Improved tolerance to salt and water stress in Drosophila melanogaster cells conferred by late embryogenesis abundant protein

Mechanisms that govern anhydrobiosis involve the accumulation of highly hydrophilic macromolecules, such as late embryogenesis abundant (LEA) proteins. Group 1 LEA proteins comprised of 181 (AfLEA1.1) and 197 (AfLEA1.3) amino acids were cloned from embryos of Artemia franciscana and expressed in Drosophila melanogaster cells (Kc167). Confocal microscopy revealed a construct composed of green fluorescent protein (GFP) and AfLEA1.3 accumulates in the mitochondria (AfLEA1.3-GFP), while AfLEA1.1-GFP was found in the cytoplasm. In the presence of mixed substrates, oxygen consumption was statistically identical for permeabilized Kc167 control and Kc167-AfLEA1.3 cells.

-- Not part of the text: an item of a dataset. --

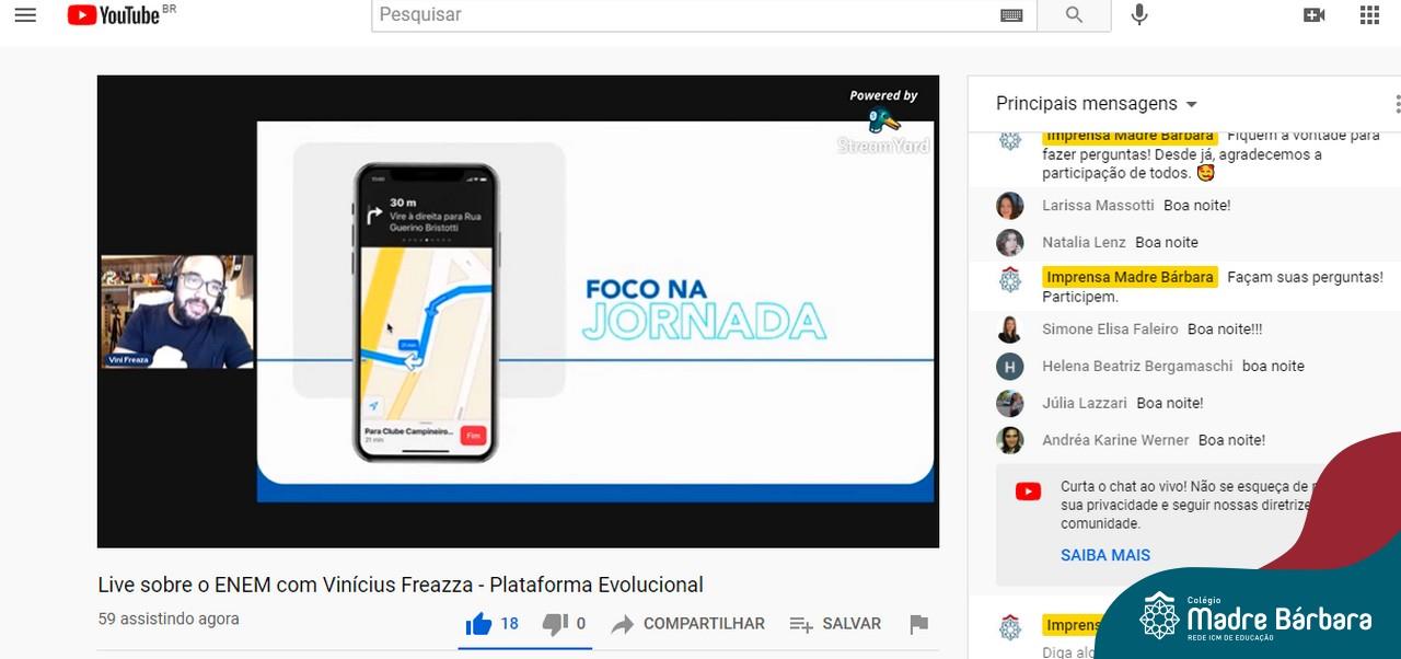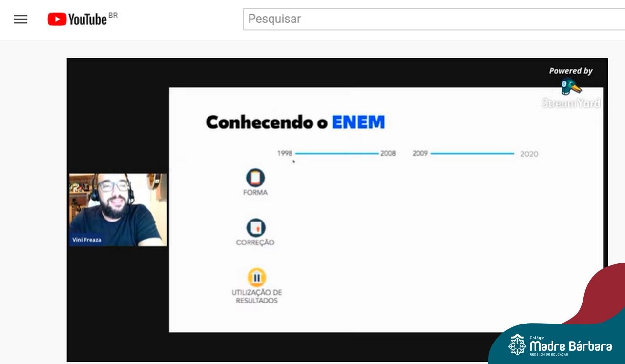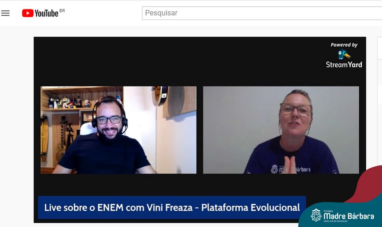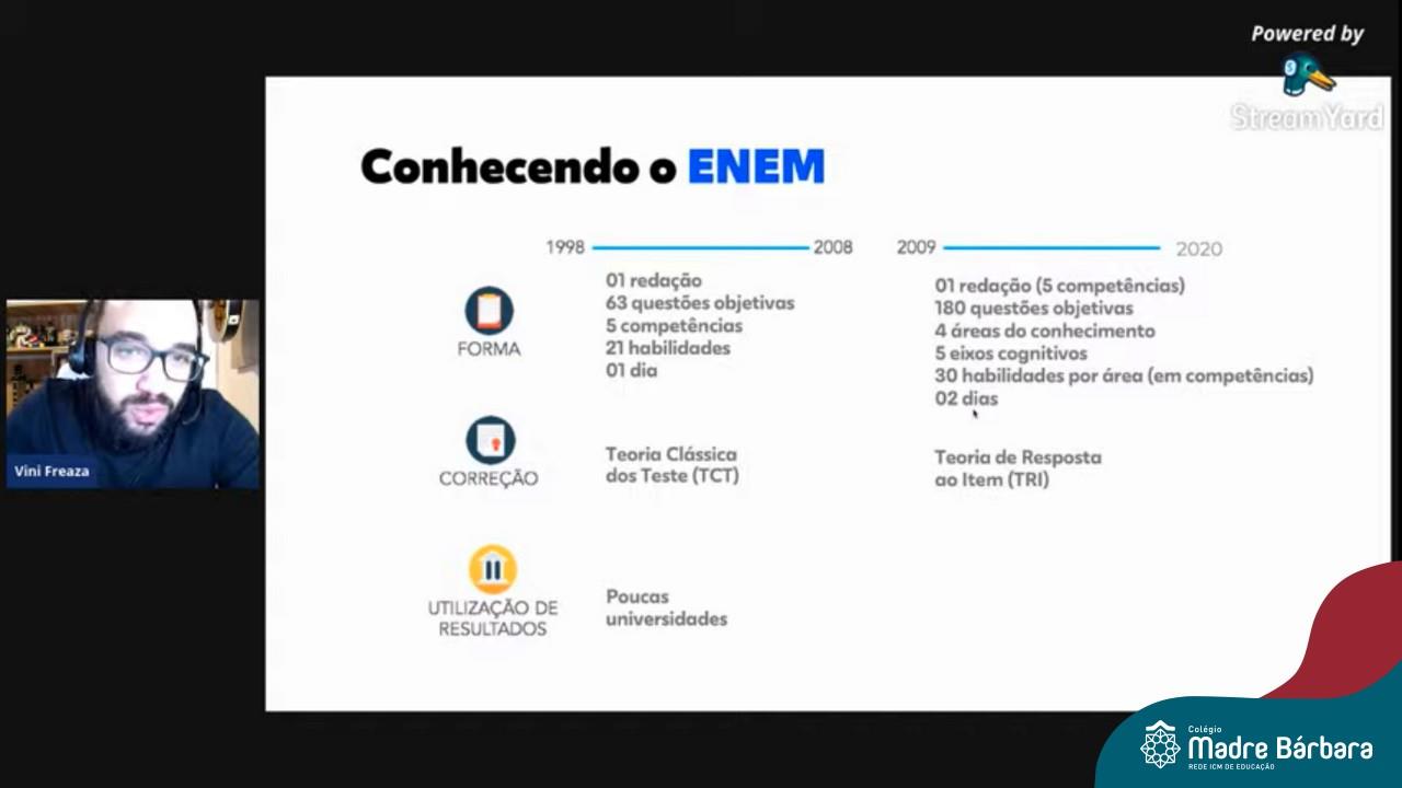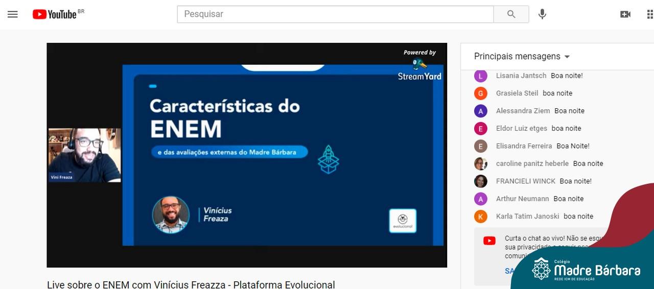 Na noite desta quinta-feira (15.04) o Colégio Madre Bárbara – Rede ICM realizou a Live sobre o ENEM com o sócio-diretor da Plataforma Evolucional, Vinícius Freaza. O encontro, idealizado pela coordenação pedagógica teve como foco os pais e alunos do Ensino Médio. Freaza conversou sobre as características do ENEM e das avaliações internas do Madre Bárbara, além da Teoria de Resposta ao Item (TRI), os sistemas GPS, avaliação processual e externa, entre outros assuntos.

Acute titrations of permeabilized cells with NaCl up to 500 mM led to successive drops in oxygen flux, which were significantly ameliorated by 18% in Kc167-AfLEA1.3 cells compared to Kc167 controls. Mitochondria were isolated from both cell types and resuspended in a sucrose-based buffer solution. The purified mitochondria from Kc167 control cells showed significantly larger reductions in respiratory capacities after one freeze–thaw cycle (−80 °C) compared to mitochondria isolated from Kc167-AfLEA1.3 cells. When cultured in the presence of a non-permeant osmolyte (50–200 mM sucrose) cells expressing AfLEA1.3 showed significantly improved viability (10–15%) during this hyperosmotic challenge as compared to Kc167 controls. Furthermore, Kc167-AfLEA1.3 cells survived desiccation by convective air drying in presence of 200 mM extracellular trehalose to lower final moisture contents than did control Kc167 cells (0.36 g H2O/g DW vs.1.02 g H2O/g DW). Thus, AfLEA1.3 exerts a protective influence on mitochondrial function and increases viability of Kc167 cells during water stress.